• Endoscopic retrograde cholangiopancreatography (ERCP) combines endoscopy and x-ray to diagnose and treat problems of the bile and pancreatic ducts. Compared to the traditional technique involving injection of contrast dye into the ducts with a catheter, using a guidewire technique to gain access to the bile duct probably reduces the risk of post-ERCP pancreatitis (PEP) and may also increase the success rate of gaining access to the bile duct.
• Future research in this area should focus on the effects of the guidewire technique in addition to other options for reducing the risk of PEP (for example, rectally administered anti-inflammatory drugs, a plastic tube inserted into the pancreatic duct).

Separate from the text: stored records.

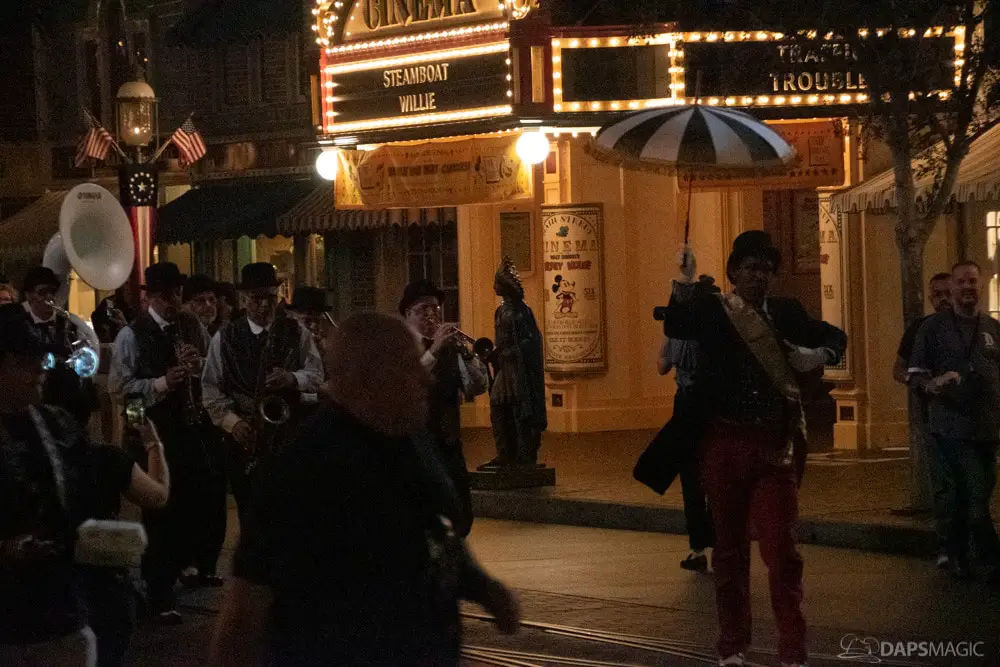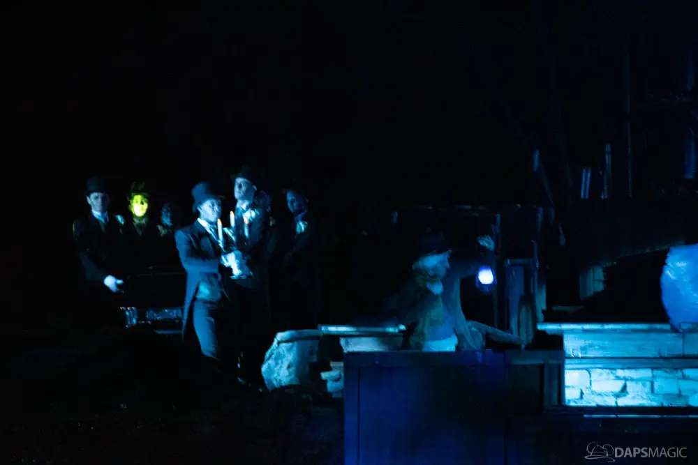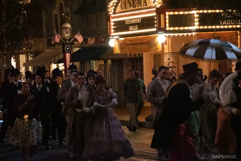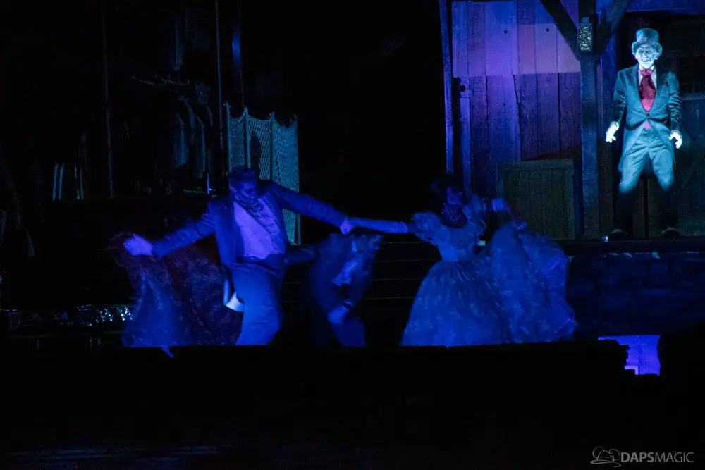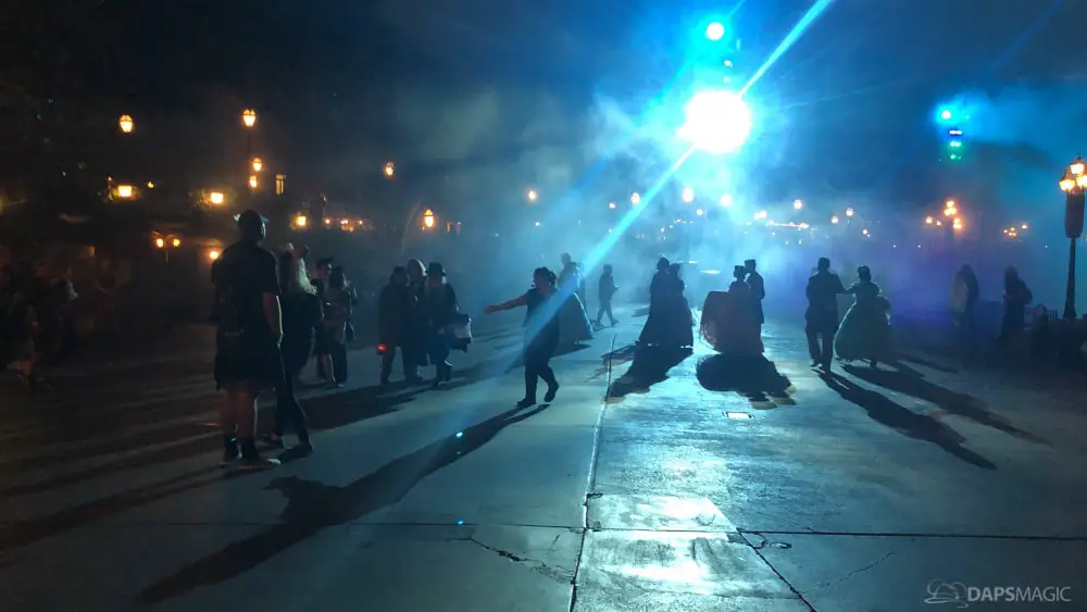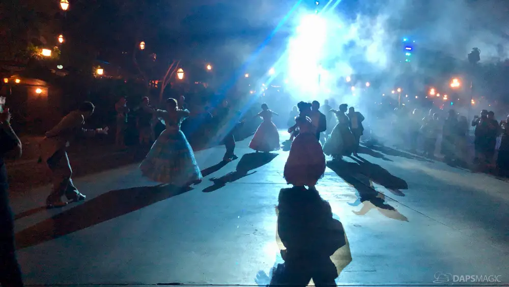 At various points of the night was the Creepy Cotillion in front of Pirates of the Caribbean. This was a ballroom dance with ghouls dressed in the ballroom scene attire. They would waltz and then beckon volunteers from the audience to participate. It was a very fun dance to watch and enjoy. At about the midpoint of the night…or early morning rather…was a soirée with a New Orleans jazz funeral procession complete with a coffin. Inside was the undertaker that we often see scared in the graveyard scene of the ride. Narration explained they were trying to make him the 1,000 resident of the Mansion, but he was able to run away after escaping the coffin. At the end of the night was the same procession to escort guests with the undertaker finally giving in and joining them all in dancing.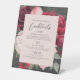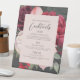 Beautiful watercolor bridal bouquet, with flowers in rich shades of red and pink, trimmed with silver green botanicals... and your bar menu in lovely fonts.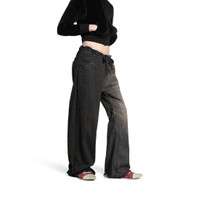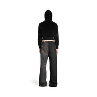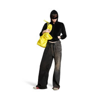 Fifty-Fifty Pants in black Japanese denim and Italian ring denim are from look 33 of Balenciaga Fall 24 collection. PRODUCT DETAILS • Japanese denim and Italian ring denim • This item is unisex • Assembled from 2 different fabrics • Mid-waist • Covered button fly • Drawstring waist • 5 belt loops • 5 pockets • Asymmetric leg length • Balenciaga engraved flex buttons • Balenciaga inlaid patch at back • Destroyed at back hem • Made in Japan 100% cotton

What is post-ERCP pancreatitis (PEP)?
ERCP combines endoscopy (examination inside the body using a medical instrument called an endoscope) and x-ray to diagnose and treat problems of the bile and pancreatic ducts (structures that support the process of digestion). With the patient under sedation, an endoscope is passed down the oesophagus (windpipe) and into the small bowel, where the opening of the bile and pancreatic ducts (papilla) is located. A catheter is inserted through the endoscope and papilla into the bile duct. Contrast dye is injected into the bile duct, and x-rays are taken to look for gallstones or blockage. However, the major risk of ERCP is the development of pancreatitis (inflammation of the pancreas) due to irritation of the pancreatic duct by the contrast material or catheter, which can occur in 5% to 10% of all procedures. This may be self-limited and mild, but can also be severe and require hospitalisation. Rarely, it may be life-threatening. There are also small risks of bleeding or making a hole in the bowel wall.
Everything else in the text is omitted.